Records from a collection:

====

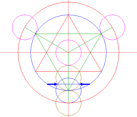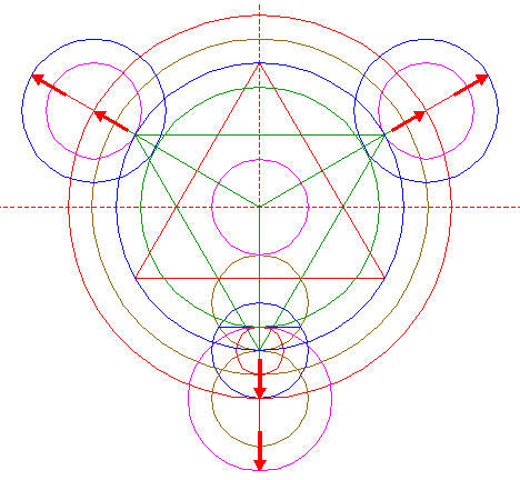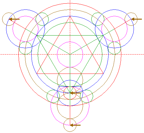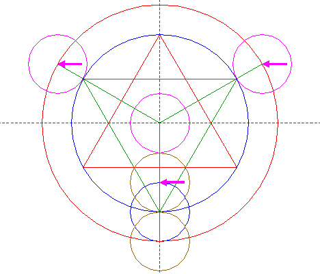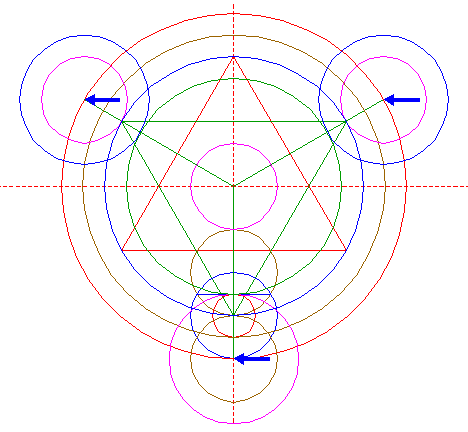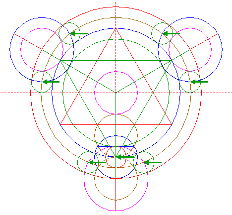 | Copy circle 12 three times, to the intersections of circles 15 and 16 with lines 17 (extended rays 8). |
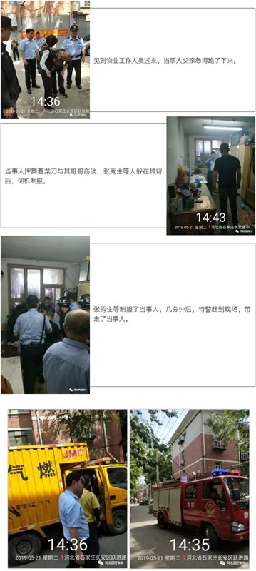 21日下午2:30左右,国控物业公司华药项目部副经理张晓磊、张秀生等人接到电话后,立即放下手中工作赶到现场。当事人的父亲一见到物业工作人员,当即跪了下来恳求予以解决。张晓磊等人赶紧扶起老人,与派出所民警一起紧急现场疏散整栋楼人员。随即上楼赶到当事人家中。当事人家中防盗门紧锁,经过其家人和物业工作人员的努力劝说,当事人打开了房门,一见有外人进来,他立即拿起菜刀挥舞着,要求所有人离开他家。业主家中一片狼藉,镜子等各种物品碎了一地。物业公司工作人员张秀生躲在其家人背后,瞅准当事人家人与其谈话的时机,他一个箭步冲上去,一把抓住菜刀,紧接着一个背摔,把当事人按倒在地,派出所民警和110民警上前控制住了当事人。几分钟后,特警赶来带走了当事人,华药项目部工作人员安慰了当事人的家人后,方才离开现场。
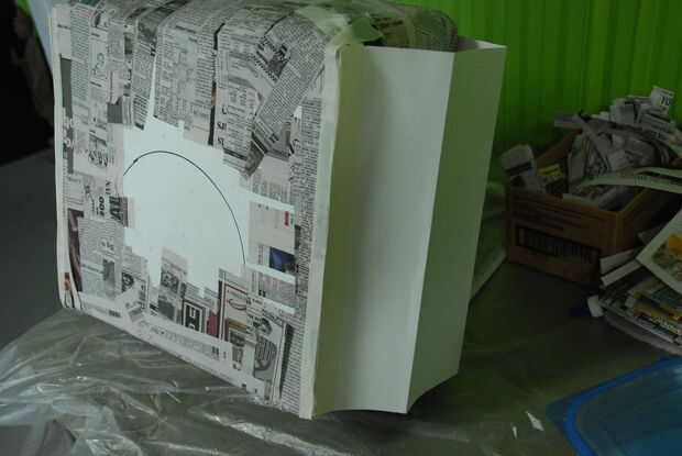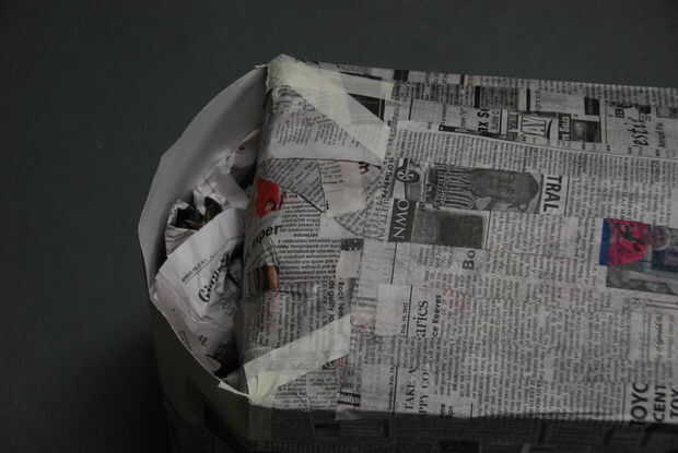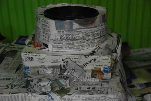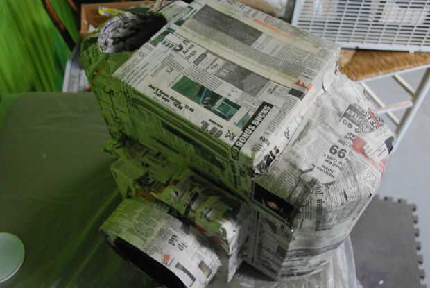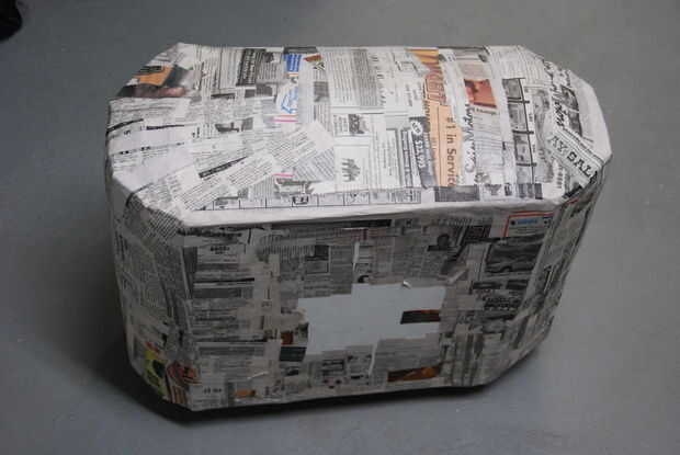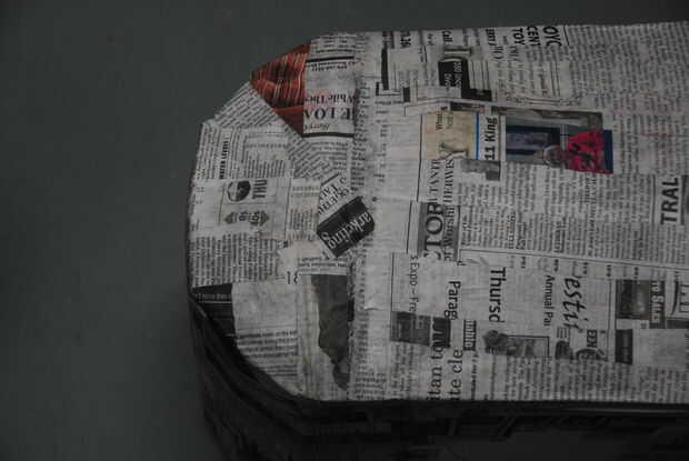 10. sellar tapas y partes inferiores con al menos 2 capas de papel maché. Utilice más periódicos arrugados como vas a rellenar huecos y bordes irregulares. Esta es la mejor parte acerca de papel maché. Si la forma no está bien, puede agregar rápidamente a granel más en las áreas donde lo necesite. Deje que este seco completamente.
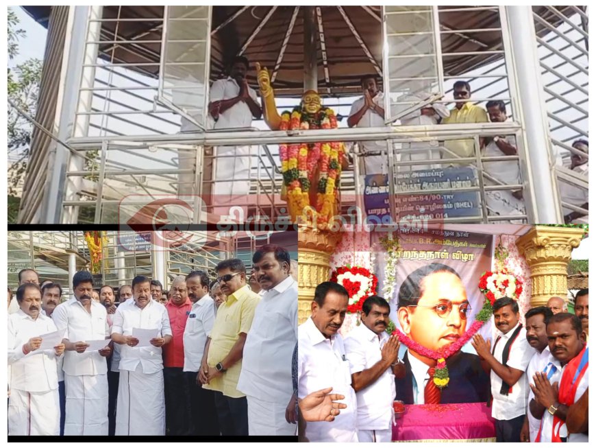 திருச்சியில் அண்ணல் அம்பேத்கரின் 134 வது பிறந்த நாளை முன்னிட்டு, மத்திய பேருந்து நிலையம் அருகில் உள்ள அவரது திருவுருவ சிலைக்கு திமுக முதன்மைச் செயலாளரும் நகராட்சி நிர்வாக துறை அமைச்சர் அமைச்சருமான கே என் நேரு தலைமையில் திமுகவினர் மாலை அணிவித்து மரியாதை செய்தனர்.
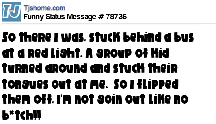 X  so there I was, stuck behind a bus at a red light. A group of kid turned around and stuck their tongues out at me.  So I flipped them off, I'm not goin out like no b*tch!!
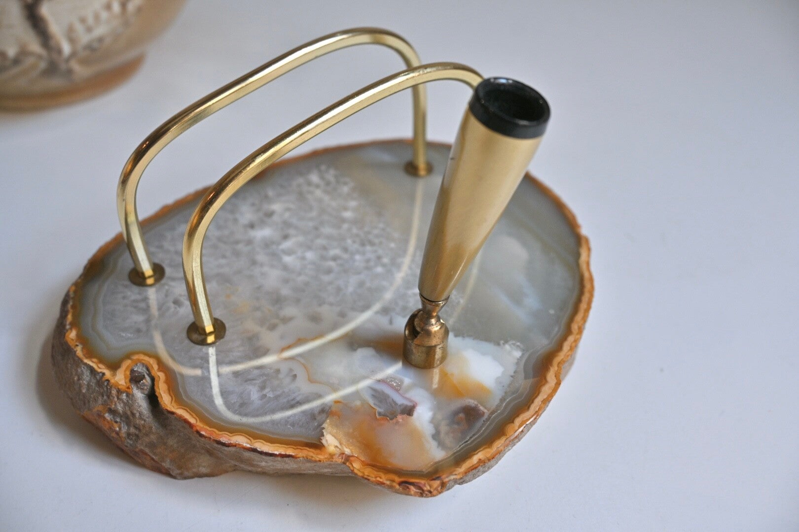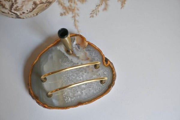 Onwijs mooie bureau decoratie is deze agaat steen pennenhouder met briefhouder ineen. Prachtig item dat zeker een plekje verdient bv op je werkplek.
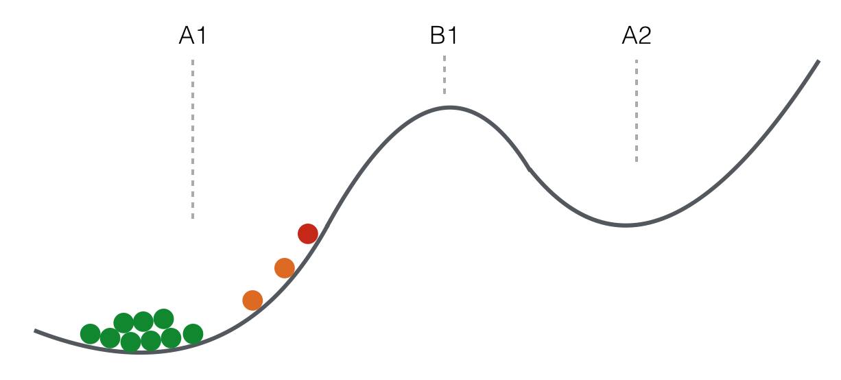 很多团队是处于 A1 状态,都期待着往耗子说的 B1 而去。我们真正要解决的问题,是如何带领团队从 A1 波谷,到达耗子描绘的 B1 波峰。除了合理分工、团队间的彼此赋能、以及土到极致的技术突破,还需要重视一个规律性:
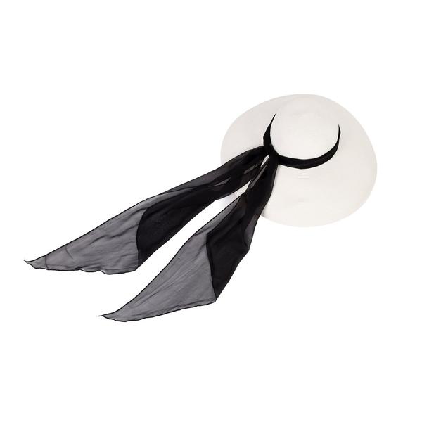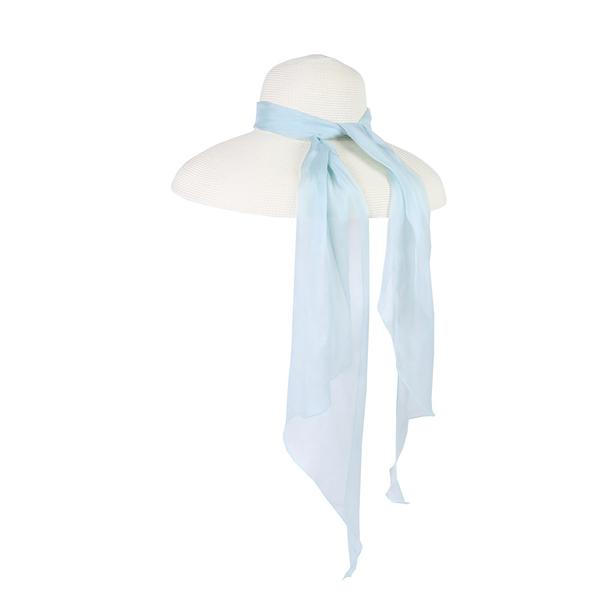 Hat is made with 100% natural, eco friendly paper straw made from bark fibres of the paper mulberry tree. Scarf is made with soft chiffon silk.
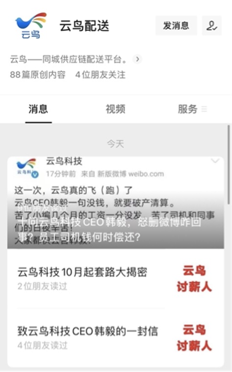 11月2日,云鸟科技员工们“转战”微信公众号,继续声讨韩毅,同时在微博上,有大量云鸟员工和平台司机发声:“近三千名员工三个月没有拿到工资,上万名司机上亿押金运费未结算”。
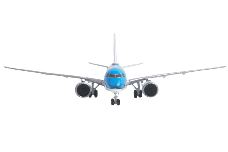 E195 1/500 This die-cast metal airplane model comes in 1/500 scale with landing gear no stand. Model is approximately 2 ¾ inches long with 2 ¼ inch wingspan. Adult collectible ages 14+
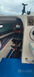 pannello solare da 120 con regolatore di carica per 2 batterie, ecoscandaglio Lowrence hdf5 con trasduttore m. 270 interno allo scafo legge fino a 7-800 metri, ancora alto fondale in acciao inox piu' ancora da sabbia con 500 metri di cima, pallone salpa ancora con anello inox, tendalino parasole a sbalzo dalla cabina, impianto stereo, serbatoio acqua dolce 80 litri con doccetta, raffio inox e mezzo marinaio, dotazioni entro le 12 miglia con zattera da 6 persone, 2 prese per mulinelli elettrici piu' presa 220 volt all'interno, 2 pompe sentina di cui una automatica, cuscineria completa interna ed esterna, 2 batterie da 100 amp., 6 portacanne. Barca in acqua pronta per qualsiasi prova. per info e foto 3207954115 Michele.
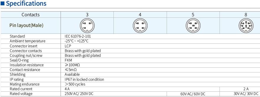 The M12 metric size A-Coding connectors, based on IEC 61076-2-101 standard, it is the most commonly used connector in the factory automation.
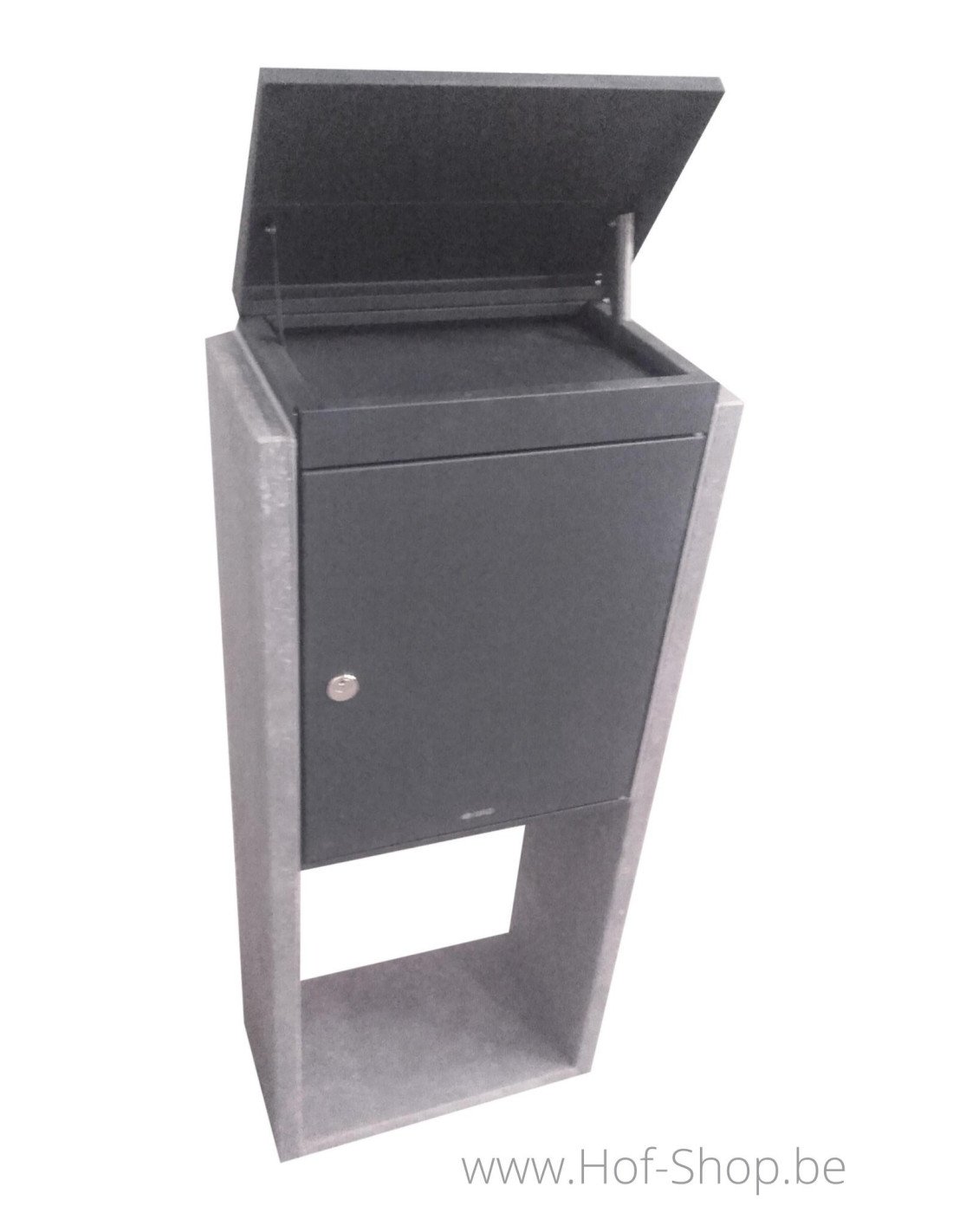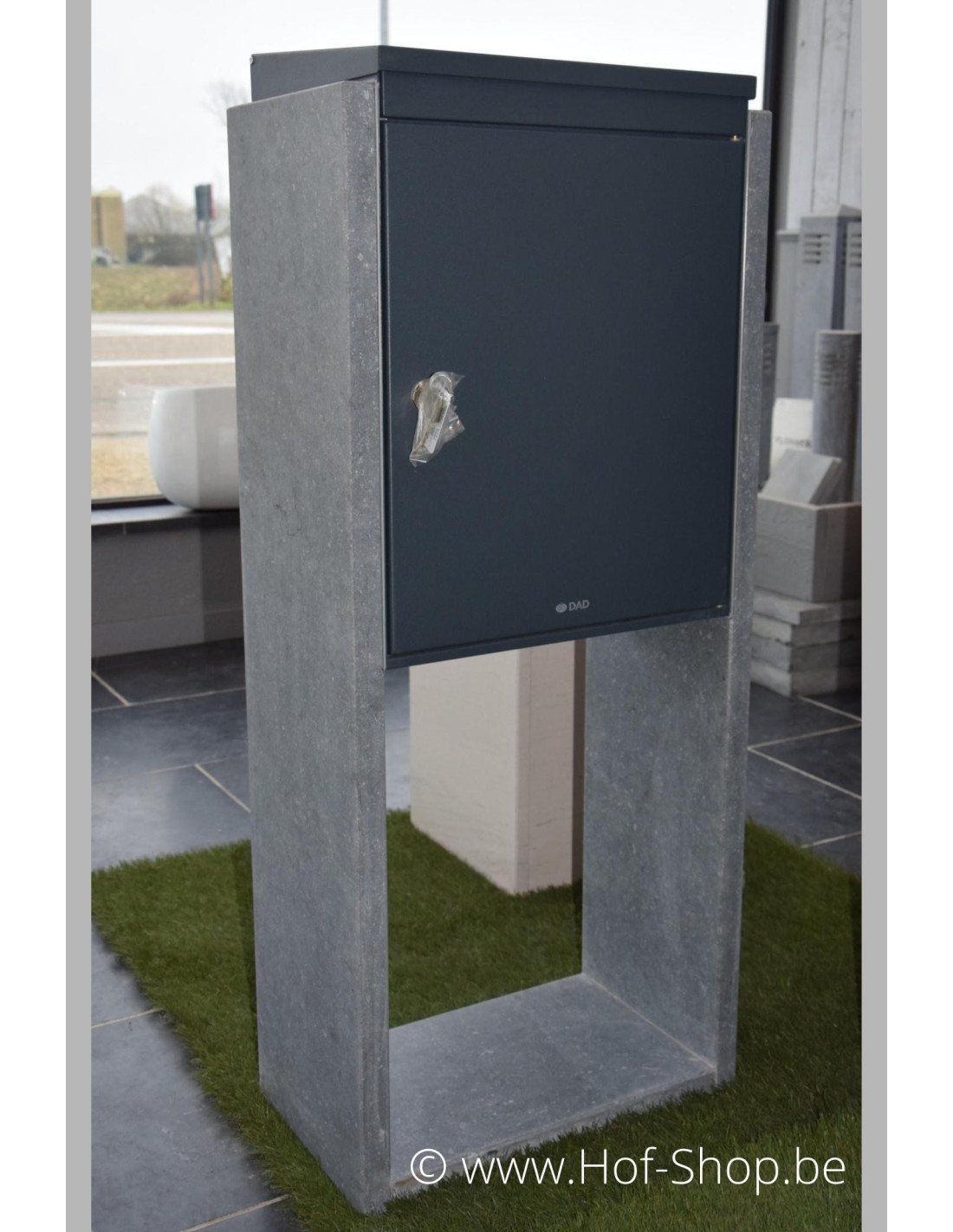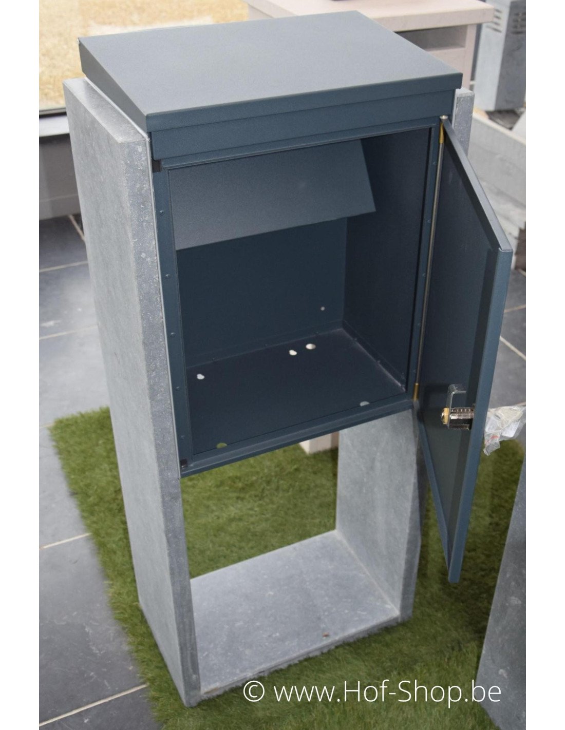 Model O is een tijdloze, stijlvolle postpakket brievenbus uit plaatstaal (gepoedercoated) gecombineerd met Belgische blauwe hardsteen. Deze vrijstaande brievenbus heeft een ruime postbak zodat u grote hoeveelheden post en kleine pakjes kan ontvangen.

====

Output must match the lines from the start of the records above through the line that contains "21日下午2:30左右,国控", exactly and with every picture removed.

 | Copy circle 12 three times, to the intersections of circles 15 and 16 with lines 17 (extended rays 8). |
 21日下午2:30左右,国控物业公司华药项目部副经理张晓磊、张秀生等人接到电话后,立即放下手中工作赶到现场。当事人的父亲一见到物业工作人员,当即跪了下来恳求予以解决。张晓磊等人赶紧扶起老人,与派出所民警一起紧急现场疏散整栋楼人员。随即上楼赶到当事人家中。当事人家中防盗门紧锁,经过其家人和物业工作人员的努力劝说,当事人打开了房门,一见有外人进来,他立即拿起菜刀挥舞着,要求所有人离开他家。业主家中一片狼藉,镜子等各种物品碎了一地。物业公司工作人员张秀生躲在其家人背后,瞅准当事人家人与其谈话的时机,他一个箭步冲上去,一把抓住菜刀,紧接着一个背摔,把当事人按倒在地,派出所民警和110民警上前控制住了当事人。几分钟后,特警赶来带走了当事人,华药项目部工作人员安慰了当事人的家人后,方才离开现场。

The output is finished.